_INPUT DATA_
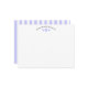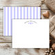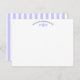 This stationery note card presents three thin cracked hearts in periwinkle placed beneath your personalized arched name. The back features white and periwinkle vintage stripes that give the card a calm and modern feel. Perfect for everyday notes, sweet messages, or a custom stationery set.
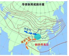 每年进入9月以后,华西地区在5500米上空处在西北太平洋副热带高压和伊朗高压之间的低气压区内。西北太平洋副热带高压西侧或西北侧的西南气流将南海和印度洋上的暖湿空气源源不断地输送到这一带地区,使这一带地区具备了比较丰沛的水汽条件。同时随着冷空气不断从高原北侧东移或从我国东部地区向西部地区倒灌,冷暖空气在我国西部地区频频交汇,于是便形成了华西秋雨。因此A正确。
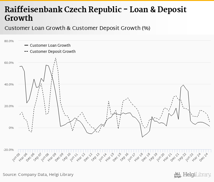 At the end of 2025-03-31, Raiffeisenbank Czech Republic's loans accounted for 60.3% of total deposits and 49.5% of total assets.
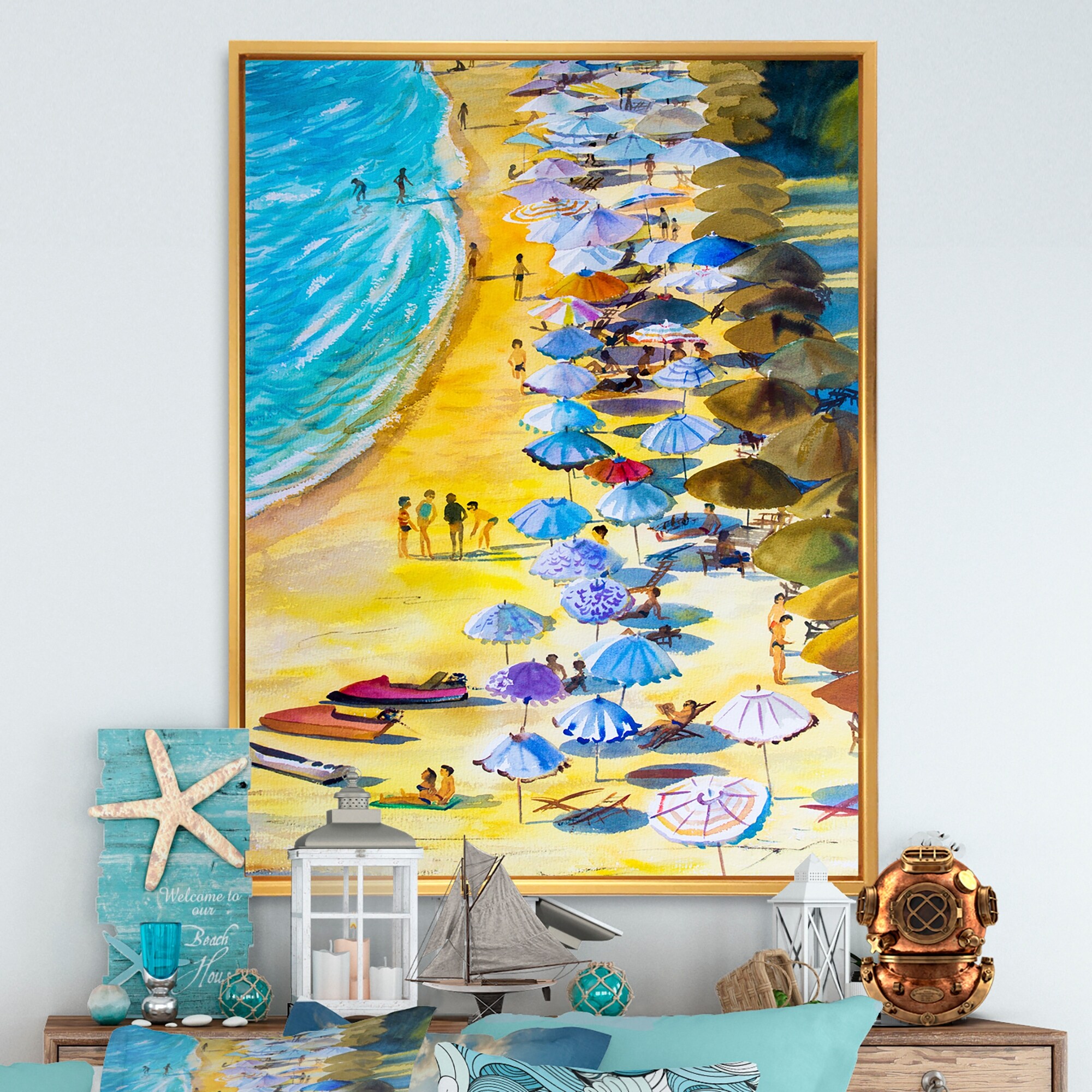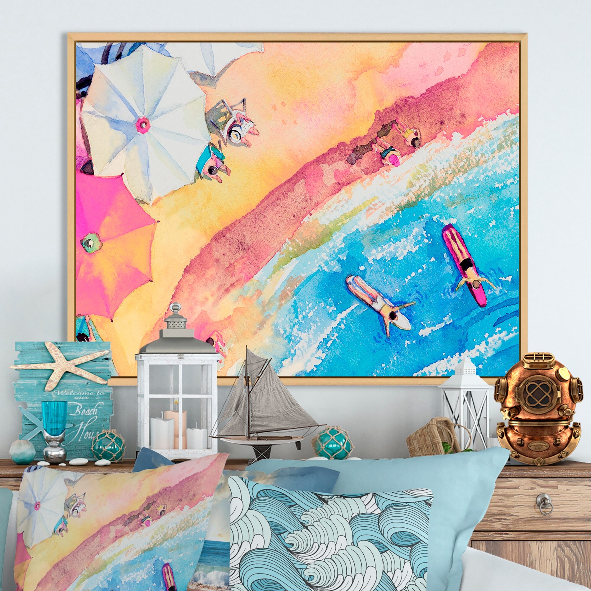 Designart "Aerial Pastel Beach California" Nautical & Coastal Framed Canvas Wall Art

_WHAT IS EXPECTED_
Apart from the pictures, every line above must be printed exactly.

_RESPONSE_
 This stationery note card presents three thin cracked hearts in periwinkle placed beneath your personalized arched name. The back features white and periwinkle vintage stripes that give the card a calm and modern feel. Perfect for everyday notes, sweet messages, or a custom stationery set.
 每年进入9月以后,华西地区在5500米上空处在西北太平洋副热带高压和伊朗高压之间的低气压区内。西北太平洋副热带高压西侧或西北侧的西南气流将南海和印度洋上的暖湿空气源源不断地输送到这一带地区,使这一带地区具备了比较丰沛的水汽条件。同时随着冷空气不断从高原北侧东移或从我国东部地区向西部地区倒灌,冷暖空气在我国西部地区频频交汇,于是便形成了华西秋雨。因此A正确。
 At the end of 2025-03-31, Raiffeisenbank Czech Republic's loans accounted for 60.3% of total deposits and 49.5% of total assets.
 Designart "Aerial Pastel Beach California" Nautical & Coastal Framed Canvas Wall Art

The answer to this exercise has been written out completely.